2024 Entry #58 08-20-24 “The Adjuster” is a 1991 Canadian drama film directed by Atom Egoyan (“Speaking Parts”, “Exotica”, “Ararat”, “Where the Truth Lies”, “Chloe”); this was his fourth feature film and the first to achieve international acclaim. The film stars Elias Koteas (“Chain of Desire”, “Exotica”, “Crash”, “Apt Pupil”, “Ararat”) as Noah Render, the insurance adjuster of the title who sleeps with his clients, men and women alike.
A very odd film. I’d been meaning to watch this one for ages and it felt like I’d found another David Lynch film. Elias Koteas is as hot as ever but how much you’re able to enjoy this will likely be based on your expectations.

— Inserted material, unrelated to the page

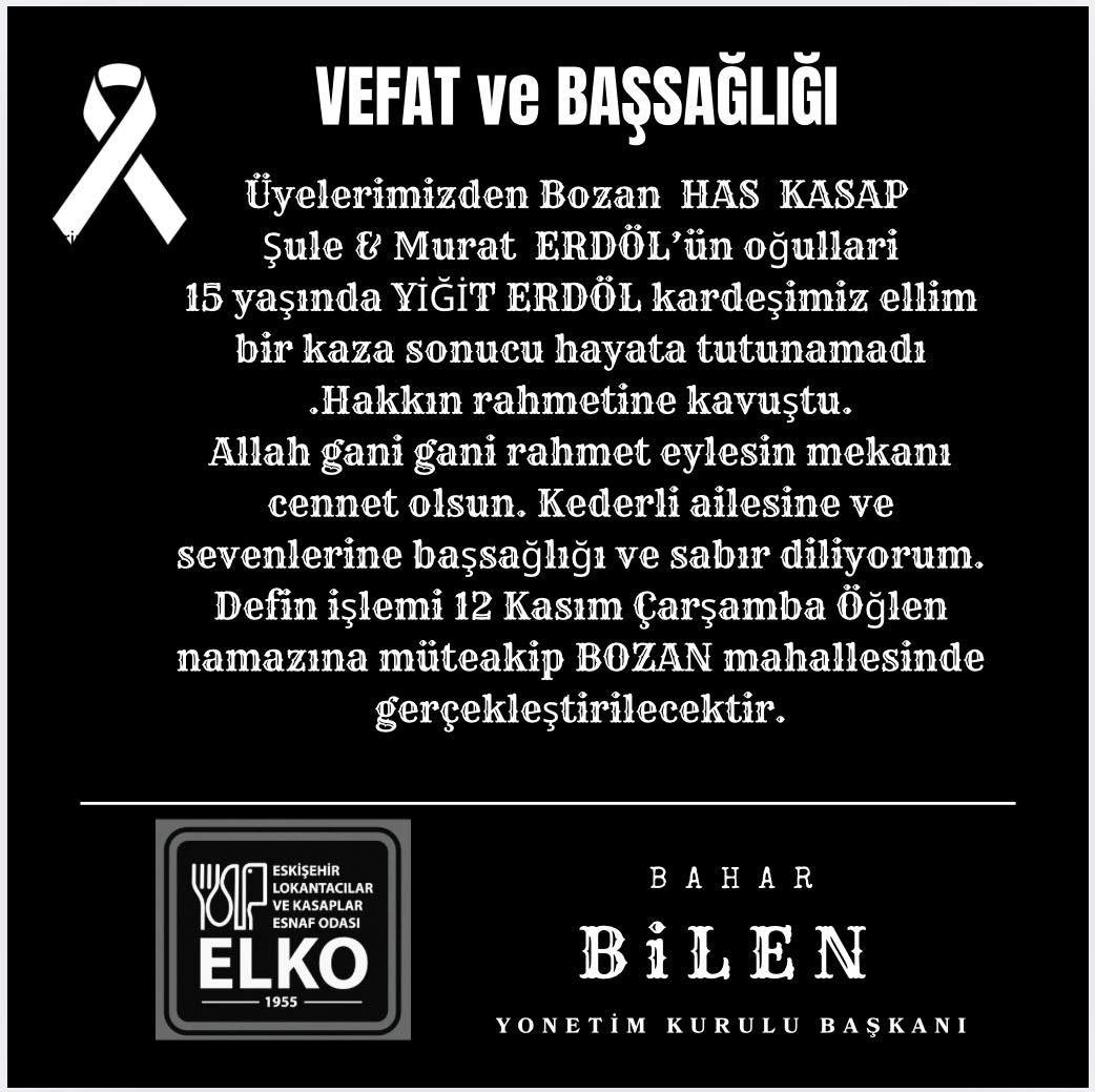 "Seni daima güzel hatıralarınla, tebessümünle anacağız Yiğit Erdöl kardeşim." Mekânın cennet olsun. Eskişehir Gastronomi Derneği kurucu yönetim kurulu üyemiz Bozan Mahallemizin esnaflarından Has Bozan Kasap işletme sahipleri MURAT ERDÖL ve ŞULE ERDÖL Meslektaşımızın evlatları, "YİĞİT ERDÖL" Kardeşimiz, geçirmiş olduğu elim bir kaza sonucu tedavi gördüğü Osmangazi Üniversitesi Hastanesi'nde VEFAT ETMİŞTİR. ALLAH RAHMET EYLESİN. Rabbim, başta anne ve babası olmak üzere tüm ailesine, sevenlerine, arkadaşlarına ve esnaf camiamıza sabır ve metanet diliyorum. Cenazesi 12 Kasım Çarşamba günü, Bozan Mahallesi Camii'nde öğle namazına müteakip kılınacak cenaze namazının ardından Bozan Mezarlığı'na defnedilecektir.
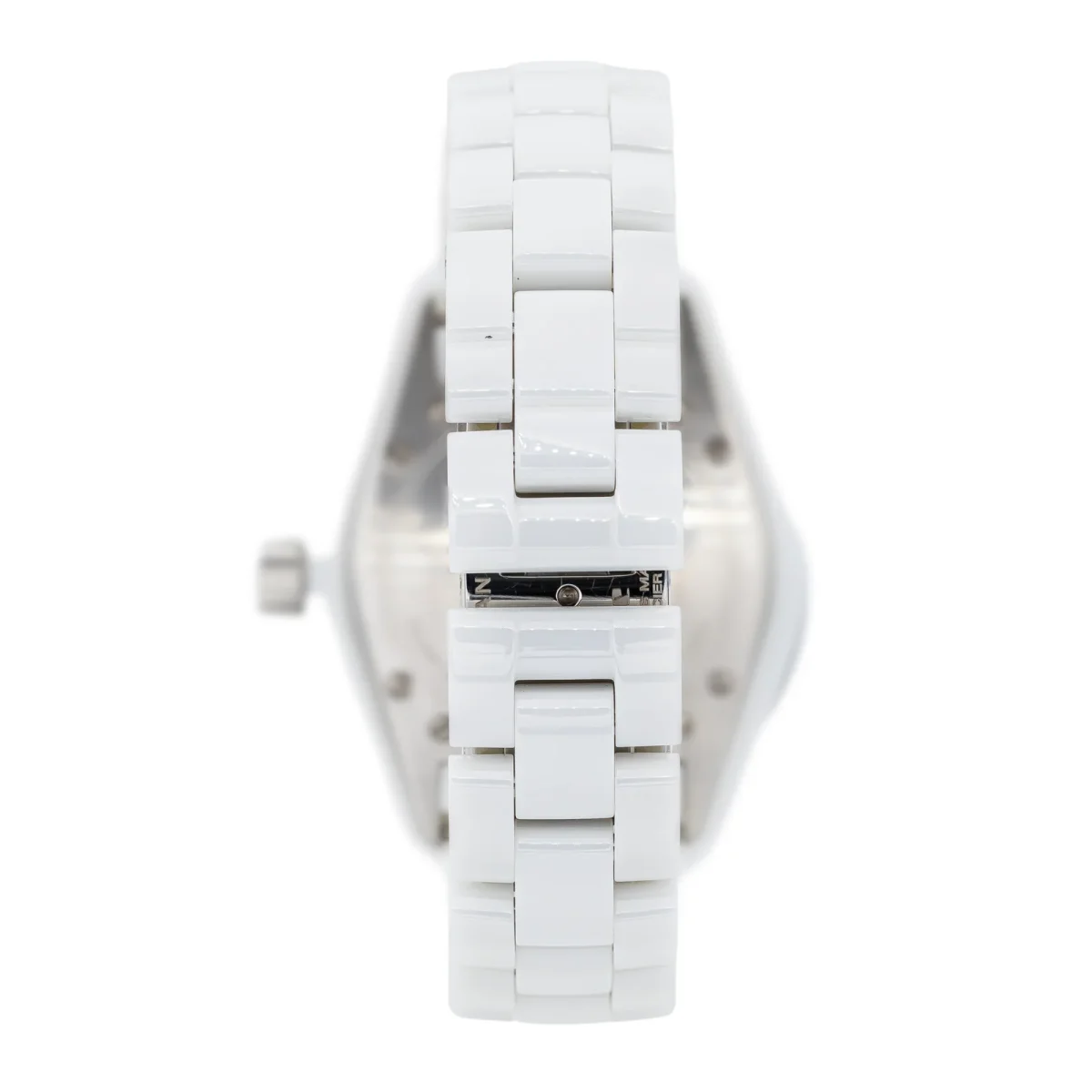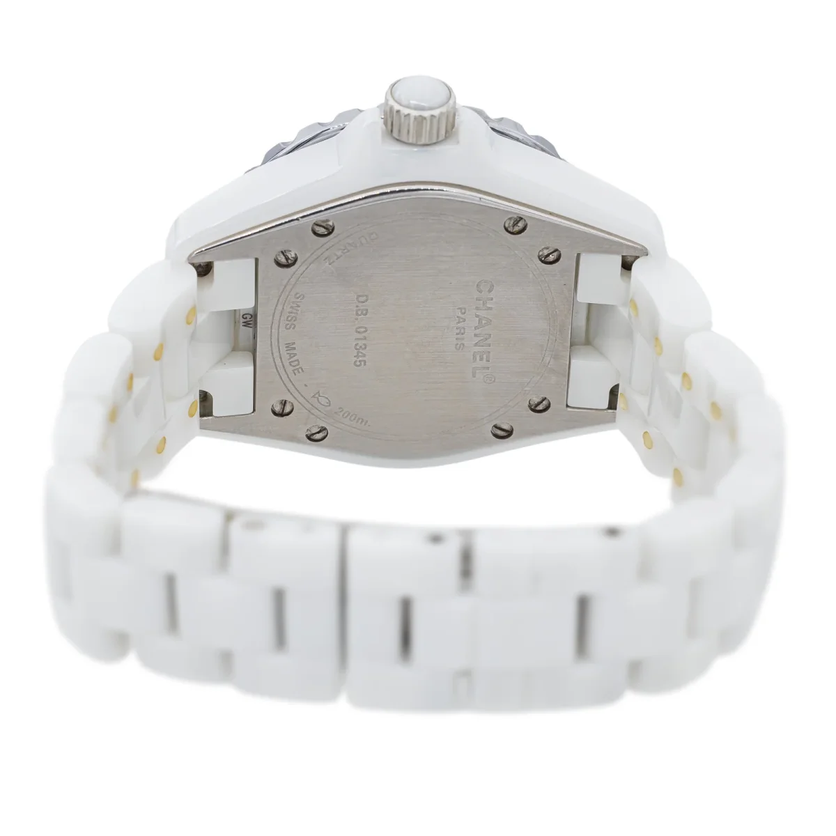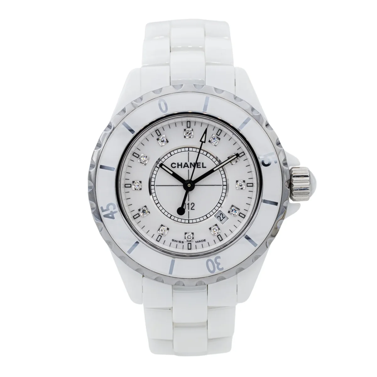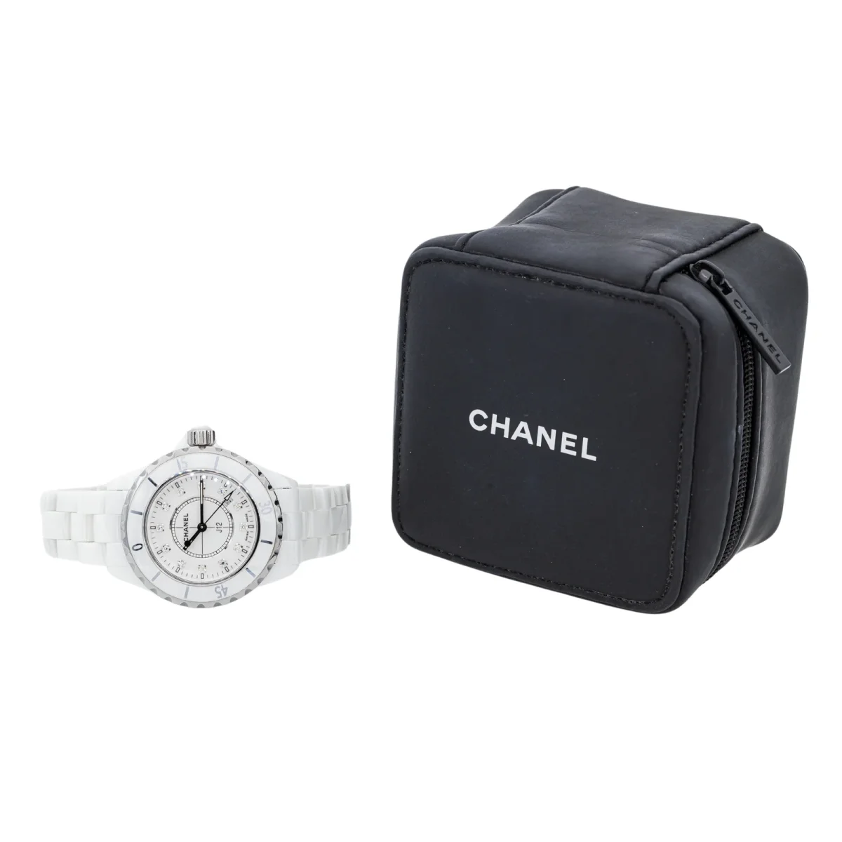 Montre Chanel modèle J12 céramique blanche, n°série D.B. 01345, cadran blanc sertie de 12 diamants brillant, environ G-VS, d’un poids total d’environ 0,06 ct (chaque diamant d’un poids total d’environ 0,005 ct), mouvement à quartz, boitier 33 mm, verre saphir, bracelet céramique à boucle papillon (taille poignet 18,50 cm, largeur bracelet 1,39 cm), poids total : 98,11 g, année 2010, écrin de service Chanel, Excellent état

2024 Entry #48 06-09-24 “Thelma & Louise” is a 1991 American crime drama film directed by Ridley Scott and written by Callie Khouri. The film stars Susan Sarandon (“The Rocky Horror Picture Show”, “The Hunger”, “Cradle Will Rock”, “Cloud Atlas”) and Geena Davis (“Tootsie”, “Will & Grace”, “She-Ra and the Princesses of Power”) as Louise and Thelma, two friends who embark on a road trip that ends up in unforeseen circumstances. The supporting cast includes Harvey Keitel (“Pulp Fiction”), Michael Madsen (“Sin City”), Christopher McDonald (“The Boys Next Door”), and Brad Pitt (“Less Than Zero”, “Interview with the Vampire”, “The Mexican”, “The Normal Heart”). Filming took place in California and Utah from June to August 1990.
I wanted to revisit this film more than 30 years after first seeing it because I remembered several of my lesbian friends having stickers and magnets that said “Thelma & Louise LIVE” on them, and also having seen “The Celluloid Closet” many times over in which Susan Sarandon discusses putting the big kiss in at the end of the film. It surprised me to see that there are no LGBTQ characters in this movie. Even the much lauded kiss is between two women that the film goes out of its way to present as heterosexual and are kissing in a show of solidarity before they drive off a cliff together and presumably die. I think this, sadly, just goes to show how in the early 90s, queer audiences were starved for images of ourselves and would glom onto anything that remotely suggested homosexuality. It’s still a good film, but it just serves to remind me of exactly how far we’ve come.
Still, that connection between LGBTQ+ audience members and this film has made it something of an icon.
The LGBTQ movie pandemic lock down marathon continues…with Gus Van Sant’s 1991 masterpiece, “My Own Private Idaho”, which I’d seen many times before, but again, not in several years. And just like today’s other entry (“Edge of Seventeen”), I was surprised how much I’d forgotten of this film and I feel I noticed things that I never had before…perhaps because I’m seeing it so far removed from previous viewings? It probably doesn’t hurt that I watched it on a huge TV.
“My Own Private Idaho” was the first gay themed movie that I actively sought out. It was the first movie that I rented once I had a drivers licence and could get an account at a video store (Blockbuster). At the time I was incensed that any movie with LGBTQ material was flagged by Blockbuster as something that could only be rented by people 17 and older regardless of content…and yet I was also grateful as it made such properties easier for me to find, and I rented many other such films which had a lasting impression, even if they didn’t join the collection I’m enjoying now. Years later, I was hired at Hollywood Video and during my interview I mentioned my disdain for Blockbuster for this very reason, which impressed my new manager (DJ).
As for the film itself it was (and remains) for me a haunting, eccentric collage of tones and quirks which exhilarated me as a film fan, even as it sometimes frustrated me as someone yearning to see representations of my own experiences; something that’s faded with time and more satisfying portrayals. Having said that, the campfire scene in which River Phoenix’s sympathetic, narcoleptic street hustler Mike Waters confesses that he loves Keanu Reeves’ gay for pay Scott Favor – and that he wants to kiss him, was a breakthrough moment for me as a gay film fan, and for the actors as well – it’s cited in nearly every review I’ve read of the film…and I watched that part repeatedly.